Throughout the first scene – and indeed the play – there is the theme of conflict between the old and new South. This was a theme relevant to Williams as he was writing at a time in which the beauty and grandeur of the old South were crumbling apart, whilst he himself moved to New Orleans (part of the ‘New South’) during the mid-20th century in order to find acceptance and the freedom to express who he truly was. Therefore, this is an idea running beneath the backdrop of the play, expressed through many different means. Williams shows this in Blanche and Stanley most obviously. Blanche’s constant focus on appearances – “I haven’t put on one pound in ten years, Stella” – represents the vanity of the old South. This is not merely limited to physical appearances, as Blanche seems equally concerned about Stella’s opinion on her intellect. We can infer this from Blanche’s bizarre outburst of “Only Poe! Only Mr.Edgar Allan Poe!”, which seems incredibly affected and deliberately constructed. Similarly, Williams suggests the pressure felt to conform to or retain the values of the South through Blanche’s obsessive need to hide the parts of herself she deems shameful, such as when she disguises the fact that she has already had a drink: “I know you must have some liquor on the place! Where could it be, I wonder?” Stanley on the other hand represents the New South, and is therefore the son of Polish immigrants, immediately conveying the sense that in this environment people of any nationality, race or sexuality can mix. Blanche’s inability to openly express who she is was an idea that Williams would have been able to relate to, as he could only open up about his feelings and experiences through the medium of writing; therefore, it is no surprise that Blanche so accurately matches his fears of exposure in the world. However, unlike Blanche, Williams is able to at last find some kind of acceptance and comfort in the New South which she is never able to do.

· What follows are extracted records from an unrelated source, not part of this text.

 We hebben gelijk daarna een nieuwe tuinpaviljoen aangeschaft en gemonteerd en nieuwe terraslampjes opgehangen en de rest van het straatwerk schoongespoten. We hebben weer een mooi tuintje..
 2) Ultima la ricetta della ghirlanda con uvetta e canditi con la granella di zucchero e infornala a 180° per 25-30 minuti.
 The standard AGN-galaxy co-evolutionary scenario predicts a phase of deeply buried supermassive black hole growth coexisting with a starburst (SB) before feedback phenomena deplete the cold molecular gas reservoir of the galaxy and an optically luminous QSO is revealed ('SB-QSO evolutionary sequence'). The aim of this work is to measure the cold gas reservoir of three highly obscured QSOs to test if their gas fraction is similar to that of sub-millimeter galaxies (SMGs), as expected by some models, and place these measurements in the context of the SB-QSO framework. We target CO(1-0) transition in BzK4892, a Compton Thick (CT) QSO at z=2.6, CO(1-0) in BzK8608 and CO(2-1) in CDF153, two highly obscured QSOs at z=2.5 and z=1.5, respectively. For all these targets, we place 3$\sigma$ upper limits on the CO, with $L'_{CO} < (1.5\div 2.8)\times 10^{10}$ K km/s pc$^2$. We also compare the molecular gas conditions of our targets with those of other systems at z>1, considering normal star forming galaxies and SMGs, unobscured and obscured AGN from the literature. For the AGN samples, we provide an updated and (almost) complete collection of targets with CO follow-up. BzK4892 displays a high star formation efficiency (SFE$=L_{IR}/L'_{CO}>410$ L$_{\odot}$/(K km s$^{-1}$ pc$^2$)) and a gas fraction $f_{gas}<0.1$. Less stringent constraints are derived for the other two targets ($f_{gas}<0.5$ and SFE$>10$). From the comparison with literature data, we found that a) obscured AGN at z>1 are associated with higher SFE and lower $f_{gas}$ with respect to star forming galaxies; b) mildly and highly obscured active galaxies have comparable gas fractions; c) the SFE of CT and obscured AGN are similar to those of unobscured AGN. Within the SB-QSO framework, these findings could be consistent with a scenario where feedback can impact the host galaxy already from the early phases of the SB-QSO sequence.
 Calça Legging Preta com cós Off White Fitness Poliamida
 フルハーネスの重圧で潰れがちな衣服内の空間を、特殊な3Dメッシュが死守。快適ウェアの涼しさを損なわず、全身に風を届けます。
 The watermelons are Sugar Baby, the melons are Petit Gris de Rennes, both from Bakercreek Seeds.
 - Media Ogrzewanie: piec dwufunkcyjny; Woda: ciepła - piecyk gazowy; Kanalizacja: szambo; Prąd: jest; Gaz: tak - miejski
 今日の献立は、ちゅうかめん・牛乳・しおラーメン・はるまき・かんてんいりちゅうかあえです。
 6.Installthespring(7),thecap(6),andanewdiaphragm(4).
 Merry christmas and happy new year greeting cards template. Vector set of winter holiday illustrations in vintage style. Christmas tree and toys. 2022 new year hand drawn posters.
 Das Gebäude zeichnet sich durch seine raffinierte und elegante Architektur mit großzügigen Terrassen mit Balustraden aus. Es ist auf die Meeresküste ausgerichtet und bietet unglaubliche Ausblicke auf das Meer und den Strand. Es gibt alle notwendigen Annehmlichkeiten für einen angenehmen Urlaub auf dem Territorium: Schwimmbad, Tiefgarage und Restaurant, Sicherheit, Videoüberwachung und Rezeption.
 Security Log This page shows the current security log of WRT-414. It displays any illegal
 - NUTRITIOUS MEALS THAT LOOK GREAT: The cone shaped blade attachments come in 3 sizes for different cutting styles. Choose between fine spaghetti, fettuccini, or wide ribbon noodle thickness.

Duality is an idea most prevalent in the opening to A Streetcar Named Desire because it is so crucial to the play as a whole, as this allows The entire foundation of this play is based on the conflict between Blanche and the couple she goes to live with, and so this is instantly obvious to us from the beginning of the play. By creating a situation in which Blanche does not fit, and with people whom she does not fit in with, Williams is setting us up for the conflicts which arise during the play.